THE RECORDS: Begin

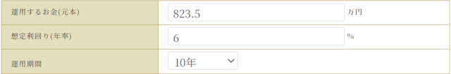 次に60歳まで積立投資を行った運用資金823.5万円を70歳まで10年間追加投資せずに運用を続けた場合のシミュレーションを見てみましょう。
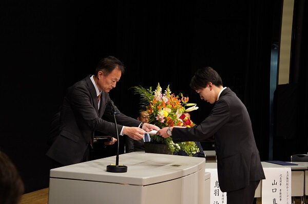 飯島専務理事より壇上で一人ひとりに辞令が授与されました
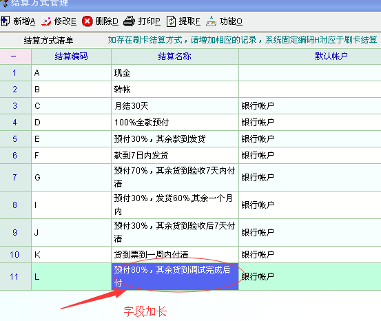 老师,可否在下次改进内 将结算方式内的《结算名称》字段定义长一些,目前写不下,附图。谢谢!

THE RECORDS: End
THE RECORDS: Begin

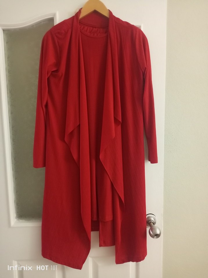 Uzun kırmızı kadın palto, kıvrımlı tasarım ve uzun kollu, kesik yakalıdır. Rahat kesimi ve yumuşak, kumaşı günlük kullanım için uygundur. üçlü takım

THE RECORDS: End

*ACTIVITY:*
Please transcribe exactly the part of the records that opens with the line containing "次に60歳まで積立投資を行っ" and closes with the line containing "老师,可否在下次改进内 将结", both ends included, and leave out the pictures.

*ANSWER BOX:*
 次に60歳まで積立投資を行った運用資金823.5万円を70歳まで10年間追加投資せずに運用を続けた場合のシミュレーションを見てみましょう。
 飯島専務理事より壇上で一人ひとりに辞令が授与されました
 老师,可否在下次改进内 将结算方式内的《结算名称》字段定义长一些,目前写不下,附图。谢谢!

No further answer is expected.